▶ **Task instructions**: The response should repeat word for word every line below from the one with "如图,一张矩形纸片ABCD,AD=9 cm,AB=12 cm,将纸片折叠使A,C两点重合,那么折痕MN=________cm." to the one with "客餐廳雖屬同層,但由廊道隔開", inclusive, and nothing else; leave pictures out.

[Data extracted from a collection]
• • • • • • •
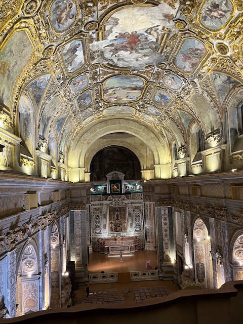 But then we encountered Museo Donna Regina. The monumental complex of Donna Regina represents a unique example in the panorama of the historic centre of Naples. In this Franciscan monastic insula, there are preserved testimonies of the ancient convent and of the two original churches, the medieval one and the seventeenth-century together conceived as one, until the 1930 s, conceived as a single structure with a corridor that, like a sort of umbilical cord, united the buildings, in addition to the apses, the past and the present, allowing the Poor Clares to move without leaving the places of cloister.
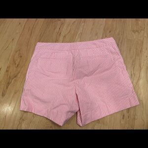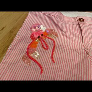 Lilly Pulitzer Pink stripe hermit crab sequin shorts. Pink/white vertical stripes. Embroidered detail, sequins, beads. 2 fake pockets in back. Gold Lily Pulitzer button. Size 0. Great condition!
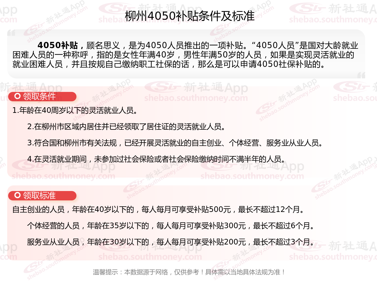 一、2025年柳州4050社保补贴标准,最新领取条件来了
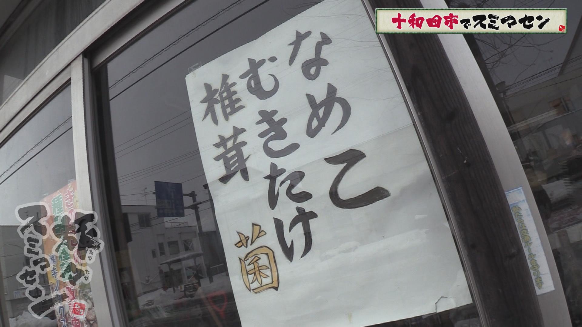ぶらぶら歩く2人がやってきたのは、きのこの種菌も扱っている日用品雑貨店です。くりたけ、ぶなはりたけ、たもぎたけ…きのこ栽培用の種駒やほだ木が並んでいました。
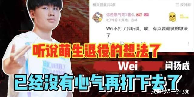 这个UP主在全网有上百万的粉丝,在LOL圈子中应该是有点人脉和资源的。他在回应自己粉丝“建议Wei去找WBG战队找小虎”的问题时就说:“Wei不打了,我听说,唉,有点要退役的想法了。”然后又有网友在这个话题下继续补充说:“小Wei没心气(打比赛)了。”
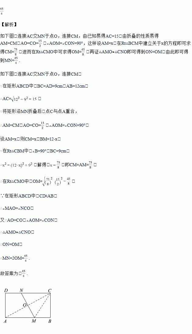 如图,一张矩形纸片ABCD,AD=9 cm,AB=12 cm,将纸片折叠使A,C两点重合,那么折痕MN=________cm.
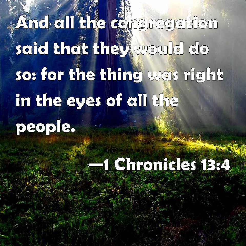 1 Chronicles 13:4 And all the congregation said that they would do so: for the thing was right in the eyes of all the people.
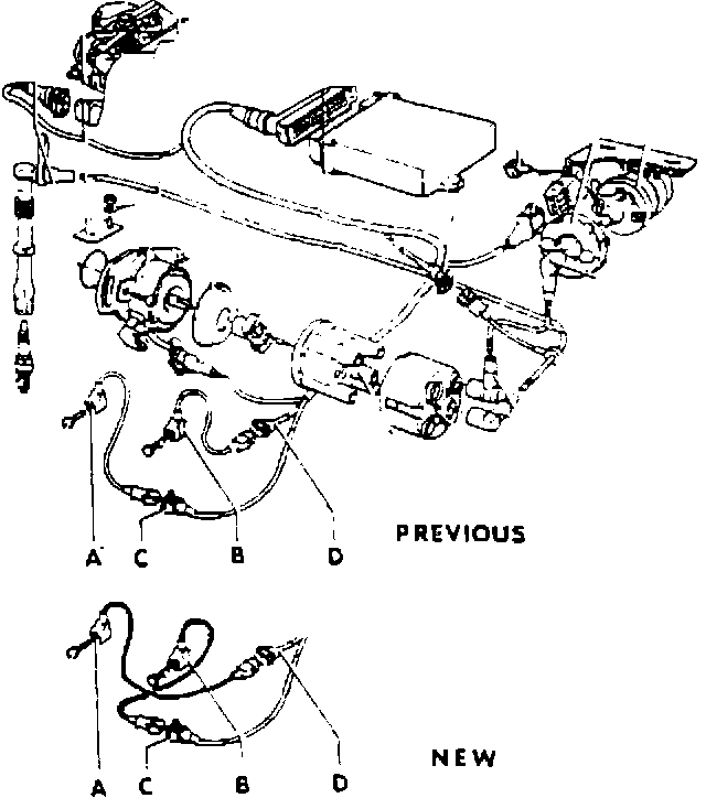 - Disconnect knock sensor B cable from connector D, located behind distributor, and connect to connector C near oil filter.
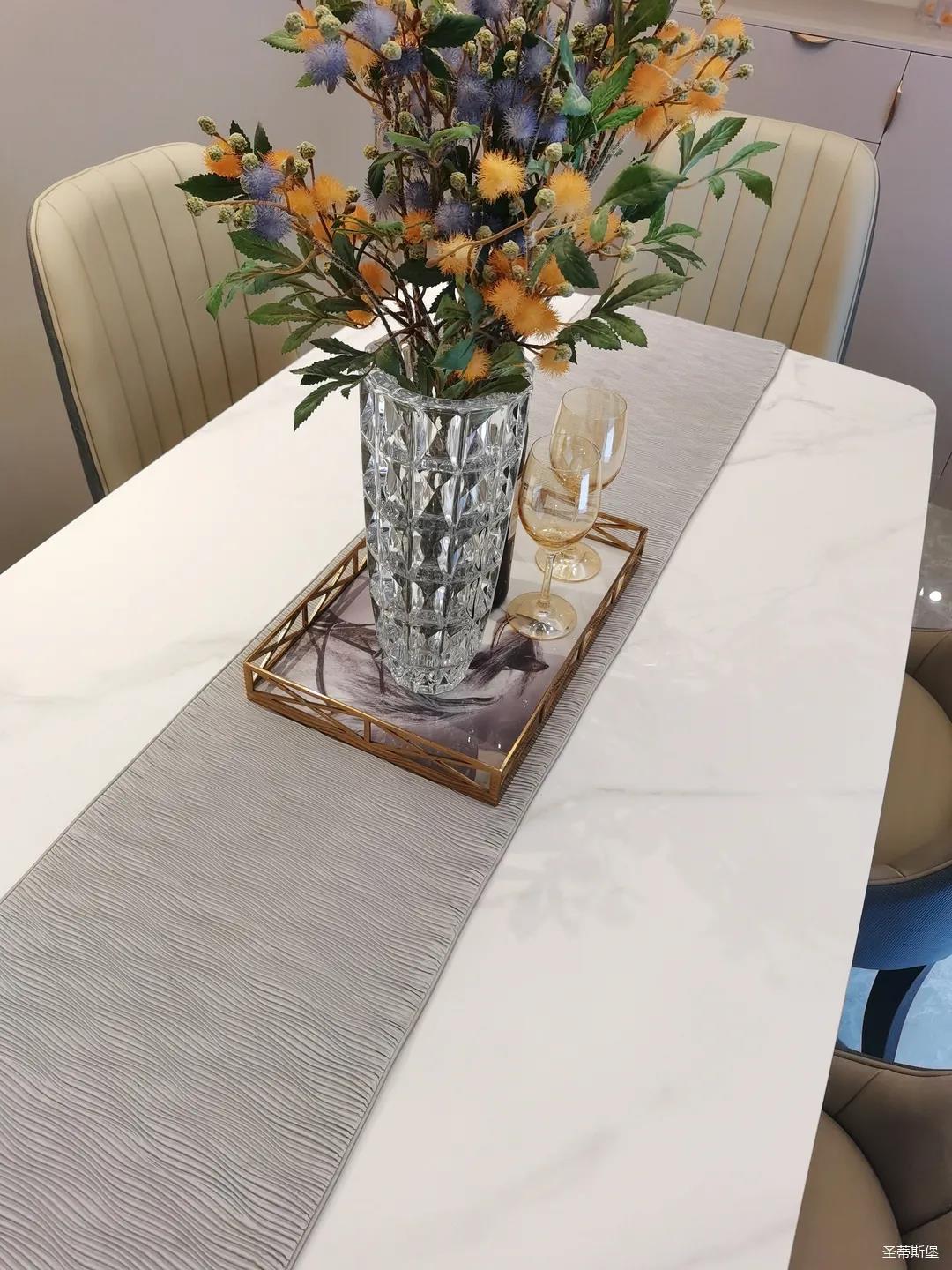 客餐廳雖屬同層,但由廊道隔開,各有寬闊的空間格局,加上引入自然光源的采光設計,空間通透明亮。巖板餐桌搭配的真皮餐椅,讓不同的材質在在空間完美契合,既增加了空間的時尚氛圍,也能給人良好的用餐體驗。
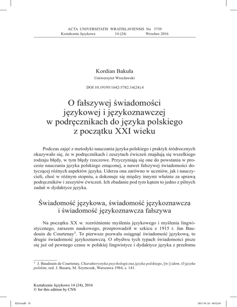 ACTA UNIVERSITATIS WRATISLAVIENSIS No 3739 Kształcenie Językowe 14 (24) Wrocław 2016 Kordian Bakuła Uniwersytet Wrocławski DOI 10.19195/1642-5782.14(24).4 O fałszywej świadomości językowej i językoznawczej w podręcznikach do języka polskiego z początku XXI wieku Podczas zajęć z metodyki nauczania języka polskiego i praktyk śródrocznych okazywało się, że w podręcznikach i zeszytach ćwiczeń znajdują się wszelkiego rodzaju błędy, w tym błędy rzeczowe. Przyczyniają się one do powstania w procesie nauczania języka polskiego zmąconej, a nawet fałszywej świadomości dotyczącej różnych aspektów języka. Uderza ona zarówno w uczniów, jak i nauczycieli, choć w różnym stopniu, a dokonuje się między innymi właśnie za sprawą podręczników i zeszytów ćwiczeń. Ich zbadanie pod tym kątem to jedno z pilnych zadań w dydaktyce języka. Świadomość językowa, świadomość językoznawcza i świadomość językoznawcza fałszywa Na początku XX w. rozróżnienie myślenia językowego i myślenia lingwistycznego, zarazem naukowego, przeprowadził w szkicu z 1915 r. Jan Baudouin de Courtenay1. To pierwsze pozwala osiągnąć świadomość językową, to drugie świadomość językoznawczą. O obydwu tych typach świadomości pisze się już od pewnego czasu w polskiej lingwistyce i dydaktyce języka z przełomu 1 J. Baudouin de Courtenay, Charakterystyka psychologiczna języka polskiego, [w:] idem, O języku polskim, red. J. Basara, M. Szymczak, Warszawa 1984, s. 141. Kształcenie Językowe 14 (24), 2016 © for this edition by CNS KJ14.indb 35 2017-01-24 09:52:43 36 Kordian Bakuła XX i XXI w., na przykład Tadeusz Zgółka2, Marian Bugajski3, Kordian Bakuła4 oraz prace w zbiorze Świadomość językowa5. Nie wprowadzono jednak jeszcze pojęcia fałszywej świadomości językowej i fałszywej świadomości językoznawczej, co właśnie czynię. O samej świadomości językowej wystarczy tutaj przypomnieć za Kazimierzem Polańskim6, Andrzejem Markowskim7, Marianem Bugajskim8, że polega ona na znajomości języka rodzimych jego użytkowników, że realizuje się w wypowiadaniu sądów o języku, o jego cechach, składnikach, celach, normach, a przede wszystkim o sensowności wypowiedzi. Jeśli wypowiedź zostanie uznana za niesensowną, bezsensowną, to spotka się z odrzuceniem, podobnie jak wady innego rodzaju, na przykład w doborze wyrazów czy ich szyku. Tego rodzaju świadomość bywa zwykle intuicyjna, jeśli dojdzie do niej szczególne zaciekawienie językiem, prowadzące do zdobycia wiedzy o języku, jego budowie, historii, zróżnicowaniu, to wtedy mamy do czynienia ze świadomością językoznawczą. W szkole tego rodzaju świadomość sprowadza się w zasadzie do wiedzy o języku, zwłaszcza jego gramatyce. W ostatnich kilkunastu latach nastąpiło w dydaktyce przesunięcie i zamiana: to, co od dziesięcioleci nazywało się wiedzą o języku, nazwano świadomością językową w Podstawie programowej z 2009 r. Ta zmiana wymaga komentarza. Nie wiemy, dlaczego ona nastąpiła, gdyż autorzy podstawy nie podali nigdzie uzasadnienia. Wobec tego braku nasuwa się spostrzeżenie, że chodzi tu jedynie o „dorównanie” tendencjom z zachodu Europy, na przykład Wielkiej Brytanii, gdzie tamtejszy Narodowy Program Nauczania (National Curriculum) od 1990 roku wymaga nauczania świadomości językowej (language awareness)9. Trzeba jednak dodać, że w najnowszym wydaniu National curriculum10 z 2013 r. ani razu nie posłużono się terminem language awareness przez cały czas obowiązkowej nauki od 5 do 16 roku życia, odpowiadający naszej szkole podstawowej i gimnazjum. 2 T. Zgółka, Kształtowanie świadomości językowej i językoznawczej w nauczaniu języka polskiego, [w:] Wiedza o literaturze i edukacja. Księga referatów Zjazdu Polonistów Warszawa 1995, red. T. Michałowska, Z. Goliński, Z. Jarosiński, Warszawa 1996. 3 M. Bugajski, Świadomość językowa a świadomość lingwistyczna. Społeczne i naukowe potrzeby kultury języka, [w:] Mowa rozświetlona myślą, red. J. Miodek, Wrocław 1999; idem, Język w komunikowaniu, Warszawa 2006. 4 K. Bakuła, Świadomość językowa — świadomość dydaktyczna, [w:] Świadomość językowa, red. J. Nocoń, A. Tabisz, „Języka a Edukacja” 3, 2014, s. 53–62. 5 Ibidem. 6 Świadomość językowa, [hasło w:] Encyklopedia językoznawstwa ogólnego, red. K. Polański, Wrocław 2003. 7 A. Markowski, Kultura języka. Teoria. Zagadnienia leksykalne, Warszawa 2005. 8 M. Bugajski, Język w komunikowaniu… 9 B. Mittins, Language Awareness for Teachers, Philadelphia 1991. 10 https://www.gov.uk/government/publications/national-curriculum-in-england-english-programmes-of-study/. Kształcenie Językowe 14 (24), 2016 © for this edition by CNS KJ14.indb 36 2017-01-24 09:52:43 O fałszywej świadomości językowej i językoznawczej 37 Wydaje mi się, że wprowadzenie świadomości językowej zamiast wiedzy o języku nie jest dobrą zmianą. Po pierwsze, dlatego że pod świadomością językową w podstawie kryją się treści, które od dziesięcioleci składały się właśnie na wiedzę o języku / naukę o języku. Po drugie, świadomość językowa jest nazbyt metafizyczna i niezbyt wyraźna, podczas gdy wiedza o języku przez długie lata używania w dydaktyce została już dobrze określona i jest empiryczna. Fałszywej świadomości językoznawczej nie utożsamiam po prostu z niewiedzą. Przeciwnie, ci, którzy mają fałszywą świadomość językoznawczą co do pewnych zjawisk, mają o nich wiedzę, tyle że nieprawdziwą. Jak widać, wiedza jest terminem, który lepiej nazywa zjawisko (można też rozważać stosowanie innego jeszcze terminu — znajomość języka). Wprowadzam pojęcie fałszywej świadomości językoznawczej analogicznie do pojęcia fałszywa świadomość językowa, którym posługuje się Agneta M.L. Svalberg11 w odniesieniu do nauki języka angielskiego jako obcego (Engl
• • • • • • •
▶ **Your response**:
 如图,一张矩形纸片ABCD,AD=9 cm,AB=12 cm,将纸片折叠使A,C两点重合,那么折痕MN=________cm.
 1 Chronicles 13:4 And all the congregation said that they would do so: for the thing was right in the eyes of all the people.
 - Disconnect knock sensor B cable from connector D, located behind distributor, and connect to connector C near oil filter.
 客餐廳雖屬同層,但由廊道隔開,各有寬闊的空間格局,加上引入自然光源的采光設計,空間通透明亮。巖板餐桌搭配的真皮餐椅,讓不同的材質在在空間完美契合,既增加了空間的時尚氛圍,也能給人良好的用餐體驗。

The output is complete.